Reproduce, exactly and only, the lines of the data that follows from the one containing "Prípravok HG rýchly" down to the one containing "Oxidized Filigree Design", without pictures.

◆ DATA SHOWN ◆
==*==

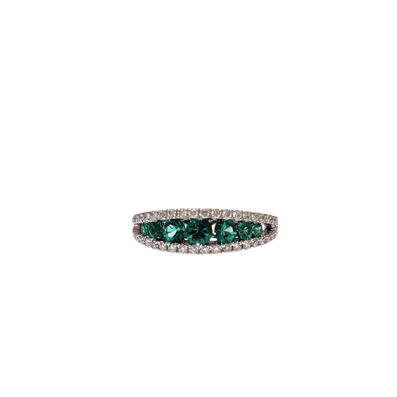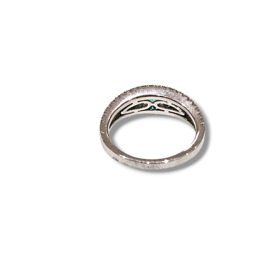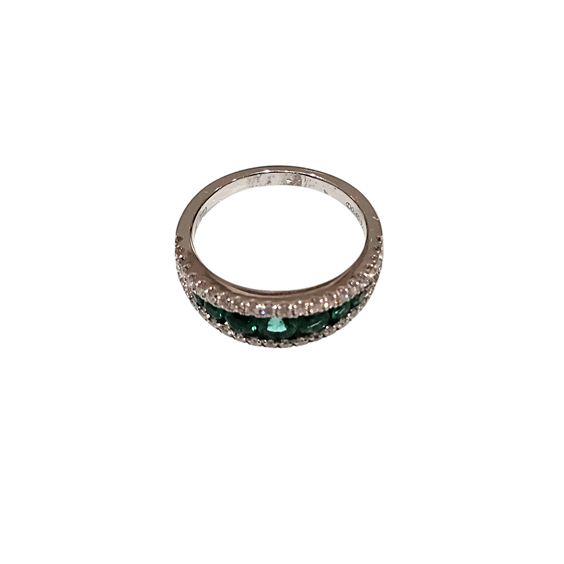 Anello in oro bianco 750%.. con smeraldi ct. 0,57 e diamanti laterali ct. 0,40 G VS. - Misura anello 13
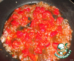 Помидоры очищаем от кожицы и режем кубиками. Отправляем к луку на сковородку.
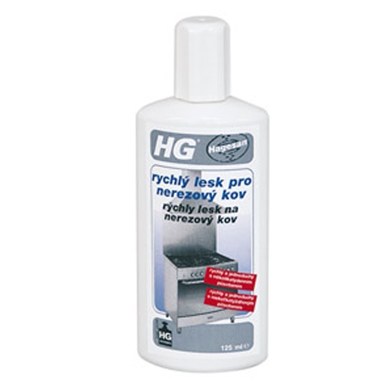 Prípravok HG rýchly lesk na nerezový kov dodá nerezovému kovu taký lesk ako nikdy predtým a stane sa tiež nepostrádateľným pomocníkom. HG rýchly lesk na nerezový kov je ošetrujúci a ochraňujúci prostriedok pripravený na priame použitie. Matným miestam dodá opäť lesk a naviac sa postará, aby sa špina a mastnota nedržala na povrchu. Vďaka tomu sa každodenné údržba podstatne uľahčí. Špeciálne zloženie minerálnych olejov sa starajú o dlhodobý efekt. Nerezový povrch je vhodné najskôr odmastiť napríklad pomocou prípravku HG odstraňovač mastnoty a nazávěr vytrieť dosucha. Následne naneste niekoľko kvapiek prípravku na nechlupatý suchý handru a pravidelne votrite do povrchu. Pre dosiahnutie ešte väčšieho lesku nechajte povrch 2 minúty schnúť a ešte raz prelesti čistou suchou handričkou.
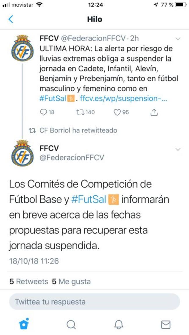 La alerta meteorológica decretada por la Generalitat Valenciana y la prudencia aconsejable en estos casos han movido a la Federación de Fútbol de la Comunidad Valenciana a suspender la próxima jornada de competición en las categorías Cadete, Infantil, Alevín, Benjamín y Prebenjamín de fútbol y fútbol sala masculino y femenino, incluyéndose en dicha suspensión los encuentros adelantados al día de hoy, jueves 18 de octubre, así como los de mañana viernes y el fin de semana. Dadas las recomendaciones de la Administración autonómica y los avisos del Centro de Coordinación de Emergencias de la Generalitat Valenciana ante la previsión de temporal de lluvias extremas a nivel local, la FFCV considera que esta medida es la más aconsejable y apela al sentido común de los clubes que participan en el resto de categorías para aplicar la prudencia a la hora de realizar desplazamientos”.
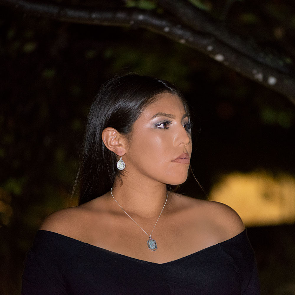 Oxidized Filigree Design Pear Ancient Roman Glass French Wire Earrings
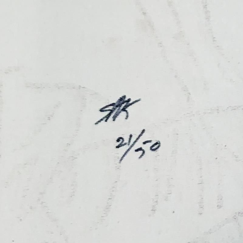 "Jesus Peace (State 2)" is limited edition hand pulled silkscreen unique mixed media on canvas by Andy Warhol protege Steve Kaufman (1960-2010). This piece is numbered and hand signed inverso and includes a letter of authenticity. As is common with Kaufma
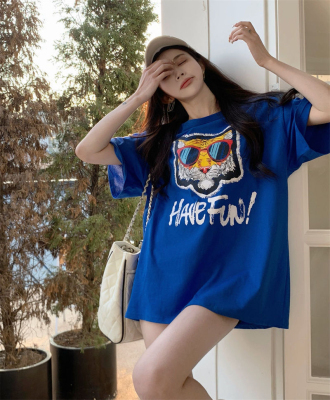 韓國外貿韓版新款夏季短袖T恤女韓版寬鬆慵懶原宿上衣chic港
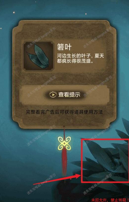 34.在水池边找到箬叶,点击箬叶,得到箬叶。34
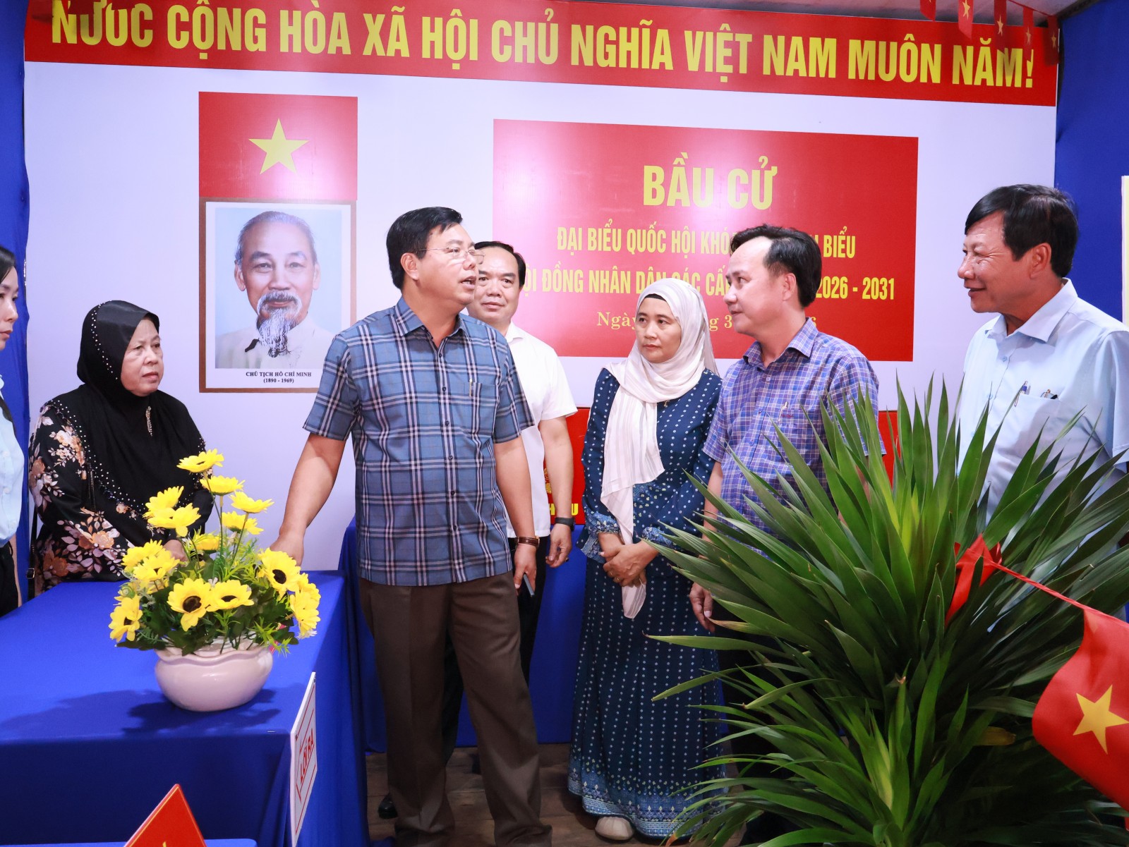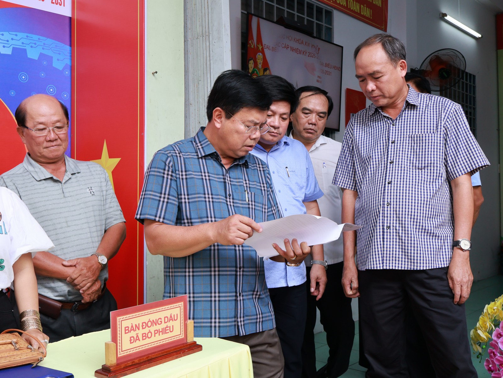 Bí thư Tỉnh ủy An Giang Nguyễn Tiến Hải (thứ 2, từ trái sang) kiểm tra công tác bầu cử khu vực bỏ phiếu số 9, ấp Phũm Soài, xã Châu Phong.

==*==

◆ TASK ANSWER ◆
 Prípravok HG rýchly lesk na nerezový kov dodá nerezovému kovu taký lesk ako nikdy predtým a stane sa tiež nepostrádateľným pomocníkom. HG rýchly lesk na nerezový kov je ošetrujúci a ochraňujúci prostriedok pripravený na priame použitie. Matným miestam dodá opäť lesk a naviac sa postará, aby sa špina a mastnota nedržala na povrchu. Vďaka tomu sa každodenné údržba podstatne uľahčí. Špeciálne zloženie minerálnych olejov sa starajú o dlhodobý efekt. Nerezový povrch je vhodné najskôr odmastiť napríklad pomocou prípravku HG odstraňovač mastnoty a nazávěr vytrieť dosucha. Následne naneste niekoľko kvapiek prípravku na nechlupatý suchý handru a pravidelne votrite do povrchu. Pre dosiahnutie ešte väčšieho lesku nechajte povrch 2 minúty schnúť a ešte raz prelesti čistou suchou handričkou.
 La alerta meteorológica decretada por la Generalitat Valenciana y la prudencia aconsejable en estos casos han movido a la Federación de Fútbol de la Comunidad Valenciana a suspender la próxima jornada de competición en las categorías Cadete, Infantil, Alevín, Benjamín y Prebenjamín de fútbol y fútbol sala masculino y femenino, incluyéndose en dicha suspensión los encuentros adelantados al día de hoy, jueves 18 de octubre, así como los de mañana viernes y el fin de semana. Dadas las recomendaciones de la Administración autonómica y los avisos del Centro de Coordinación de Emergencias de la Generalitat Valenciana ante la previsión de temporal de lluvias extremas a nivel local, la FFCV considera que esta medida es la más aconsejable y apela al sentido común de los clubes que participan en el resto de categorías para aplicar la prudencia a la hora de realizar desplazamientos”.
 Oxidized Filigree Design Pear Ancient Roman Glass French Wire Earrings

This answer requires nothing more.